Materials provided:

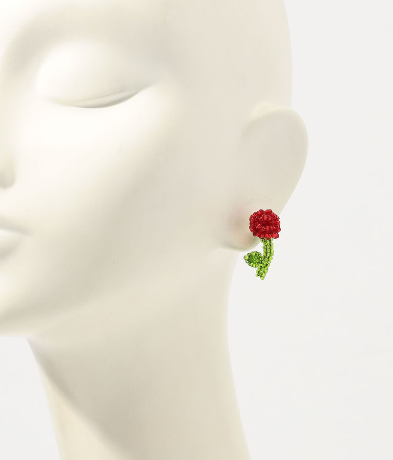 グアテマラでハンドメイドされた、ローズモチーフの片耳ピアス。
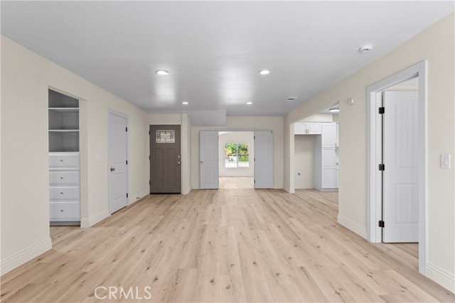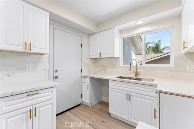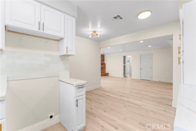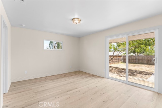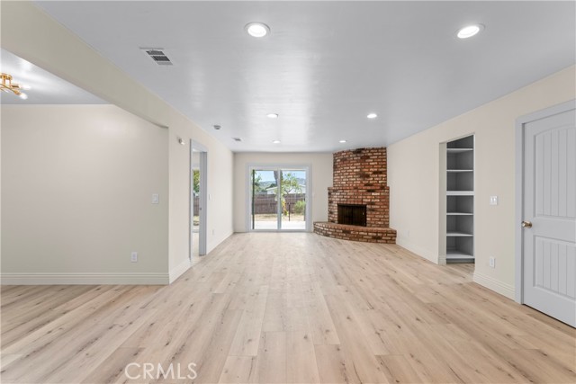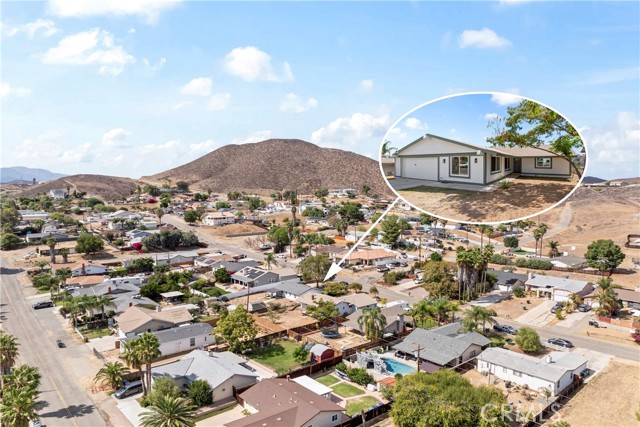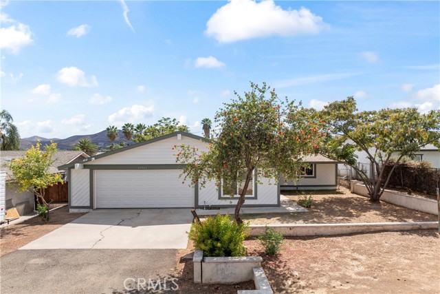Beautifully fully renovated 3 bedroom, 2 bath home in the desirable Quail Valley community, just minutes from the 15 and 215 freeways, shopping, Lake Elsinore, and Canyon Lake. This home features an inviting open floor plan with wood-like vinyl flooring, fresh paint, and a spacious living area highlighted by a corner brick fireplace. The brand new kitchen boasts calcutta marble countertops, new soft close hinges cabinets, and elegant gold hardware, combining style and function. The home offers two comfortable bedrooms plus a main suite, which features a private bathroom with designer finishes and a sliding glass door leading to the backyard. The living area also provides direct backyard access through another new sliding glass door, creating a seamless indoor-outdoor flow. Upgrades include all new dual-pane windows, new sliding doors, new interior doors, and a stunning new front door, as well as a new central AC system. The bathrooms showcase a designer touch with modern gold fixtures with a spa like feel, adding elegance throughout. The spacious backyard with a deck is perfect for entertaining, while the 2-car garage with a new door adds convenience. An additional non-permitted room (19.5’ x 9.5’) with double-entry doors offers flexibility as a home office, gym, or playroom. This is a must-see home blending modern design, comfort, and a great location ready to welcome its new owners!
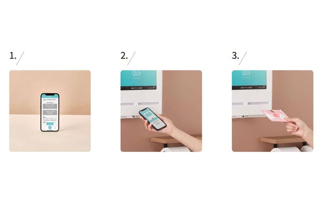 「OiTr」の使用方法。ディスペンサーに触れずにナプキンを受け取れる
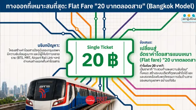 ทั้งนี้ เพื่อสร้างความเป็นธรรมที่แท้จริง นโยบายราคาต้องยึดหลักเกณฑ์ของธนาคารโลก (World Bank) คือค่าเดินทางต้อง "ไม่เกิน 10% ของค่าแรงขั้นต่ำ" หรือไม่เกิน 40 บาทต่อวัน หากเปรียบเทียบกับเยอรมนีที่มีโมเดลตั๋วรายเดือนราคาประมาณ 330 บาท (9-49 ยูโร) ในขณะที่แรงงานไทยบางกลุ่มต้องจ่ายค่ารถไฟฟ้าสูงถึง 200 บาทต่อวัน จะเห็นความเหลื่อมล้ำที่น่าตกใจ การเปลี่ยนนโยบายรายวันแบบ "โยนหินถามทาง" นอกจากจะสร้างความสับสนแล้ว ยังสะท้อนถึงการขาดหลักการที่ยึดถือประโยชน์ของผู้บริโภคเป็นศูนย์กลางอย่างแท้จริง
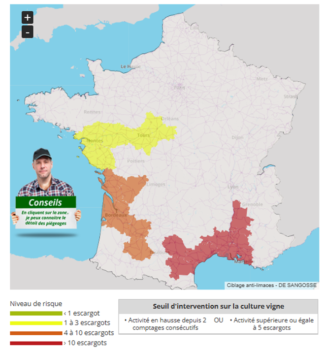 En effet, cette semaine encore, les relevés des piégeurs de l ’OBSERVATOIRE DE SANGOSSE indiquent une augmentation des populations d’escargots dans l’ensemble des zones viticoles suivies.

==

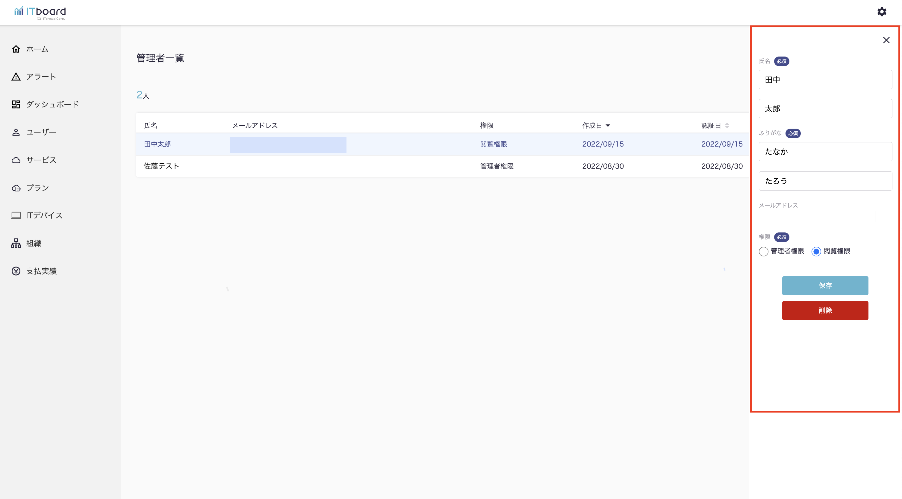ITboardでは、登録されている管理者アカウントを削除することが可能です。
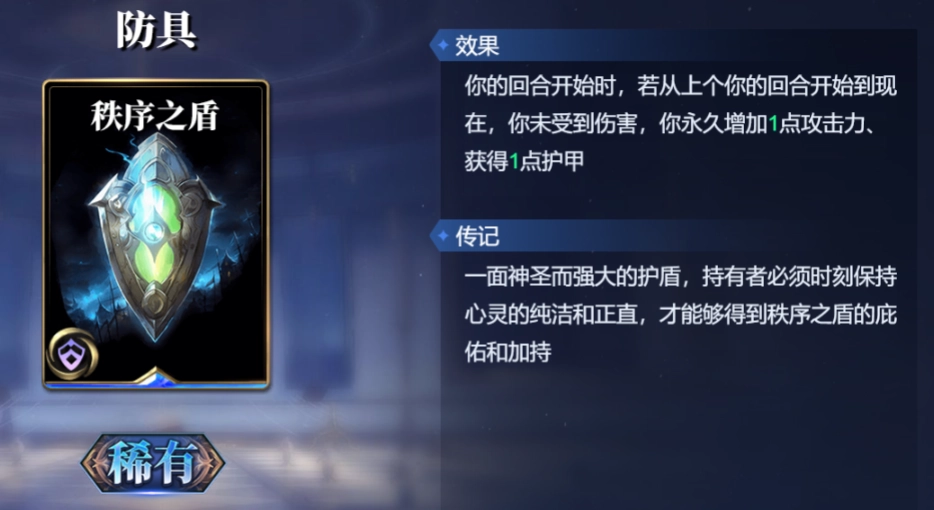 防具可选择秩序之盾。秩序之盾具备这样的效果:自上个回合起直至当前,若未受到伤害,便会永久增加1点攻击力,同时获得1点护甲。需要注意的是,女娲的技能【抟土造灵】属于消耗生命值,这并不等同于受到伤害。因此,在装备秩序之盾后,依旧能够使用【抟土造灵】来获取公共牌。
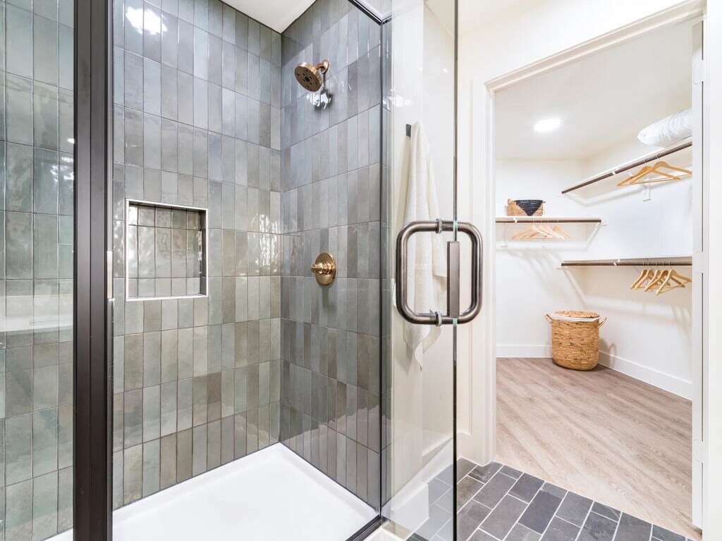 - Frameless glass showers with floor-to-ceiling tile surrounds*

...

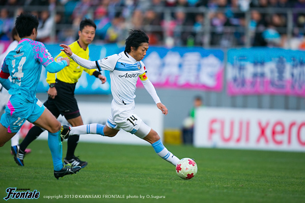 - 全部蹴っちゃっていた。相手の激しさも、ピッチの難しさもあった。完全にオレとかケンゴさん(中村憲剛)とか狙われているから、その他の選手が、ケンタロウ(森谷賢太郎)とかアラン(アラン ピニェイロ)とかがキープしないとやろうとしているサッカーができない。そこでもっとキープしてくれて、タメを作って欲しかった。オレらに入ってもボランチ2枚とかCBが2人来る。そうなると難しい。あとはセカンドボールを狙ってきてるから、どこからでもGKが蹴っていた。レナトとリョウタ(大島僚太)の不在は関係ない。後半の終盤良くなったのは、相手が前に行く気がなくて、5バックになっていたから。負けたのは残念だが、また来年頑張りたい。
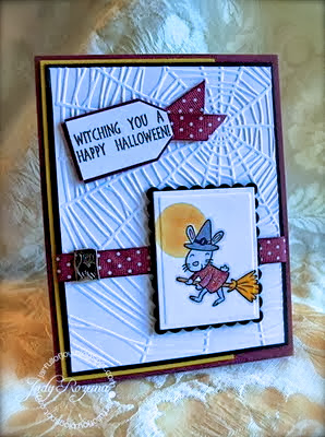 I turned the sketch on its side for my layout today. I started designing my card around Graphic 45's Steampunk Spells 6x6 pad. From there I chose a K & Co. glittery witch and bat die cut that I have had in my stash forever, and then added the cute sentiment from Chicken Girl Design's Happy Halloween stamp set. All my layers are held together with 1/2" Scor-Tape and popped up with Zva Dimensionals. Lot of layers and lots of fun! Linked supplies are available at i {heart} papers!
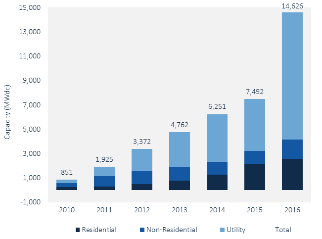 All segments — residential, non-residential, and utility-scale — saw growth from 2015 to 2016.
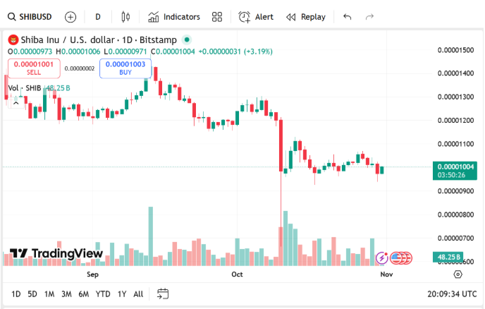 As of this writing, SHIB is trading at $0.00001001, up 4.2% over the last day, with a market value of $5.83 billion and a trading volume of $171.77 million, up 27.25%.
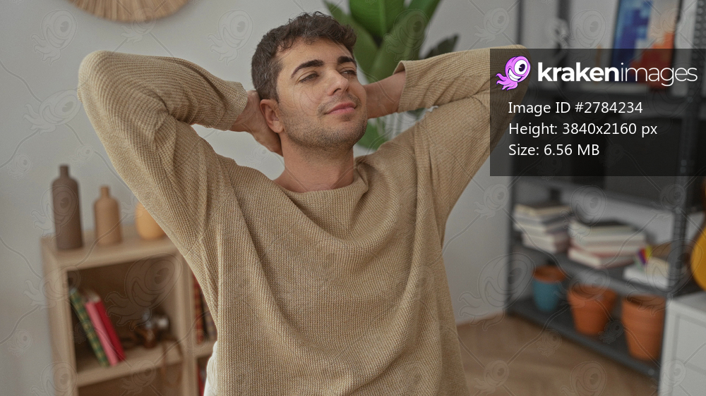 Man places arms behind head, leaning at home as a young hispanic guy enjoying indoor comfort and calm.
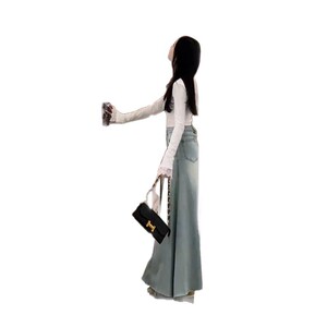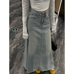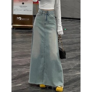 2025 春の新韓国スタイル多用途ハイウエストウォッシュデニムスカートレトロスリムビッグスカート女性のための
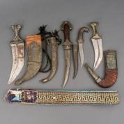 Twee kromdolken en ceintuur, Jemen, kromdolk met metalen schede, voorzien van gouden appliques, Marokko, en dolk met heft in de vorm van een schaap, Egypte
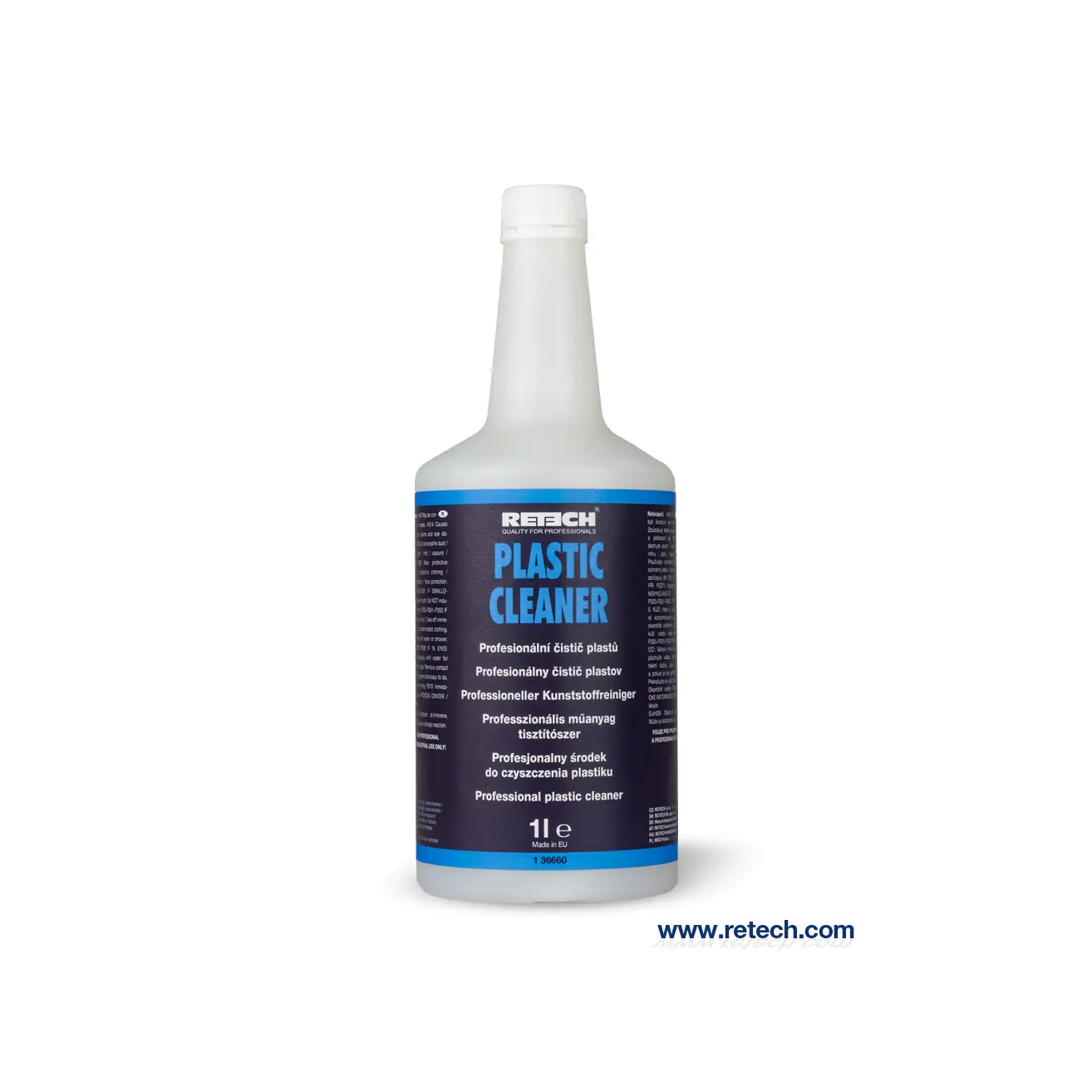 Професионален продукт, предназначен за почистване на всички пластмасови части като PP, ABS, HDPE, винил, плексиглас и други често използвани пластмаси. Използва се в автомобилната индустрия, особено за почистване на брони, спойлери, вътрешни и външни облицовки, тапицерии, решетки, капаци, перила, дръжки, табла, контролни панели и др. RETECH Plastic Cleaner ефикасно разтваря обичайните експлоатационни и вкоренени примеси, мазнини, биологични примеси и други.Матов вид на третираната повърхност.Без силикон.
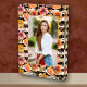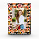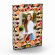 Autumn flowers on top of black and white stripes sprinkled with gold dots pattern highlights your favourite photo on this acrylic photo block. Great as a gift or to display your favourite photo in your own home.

Requirement: The stretch above running from the line with "ITboardでは、登録されている管理者アカウントを削除することが可能です。" through the line with "- Frameless glass" is all you should copy, exactly, leaving out the pictures.

Result for this task:
ITboardでは、登録されている管理者アカウントを削除することが可能です。
 防具可选择秩序之盾。秩序之盾具备这样的效果:自上个回合起直至当前,若未受到伤害,便会永久增加1点攻击力,同时获得1点护甲。需要注意的是,女娲的技能【抟土造灵】属于消耗生命值,这并不等同于受到伤害。因此,在装备秩序之盾后,依旧能够使用【抟土造灵】来获取公共牌。
 - Frameless glass showers with floor-to-ceiling tile surrounds*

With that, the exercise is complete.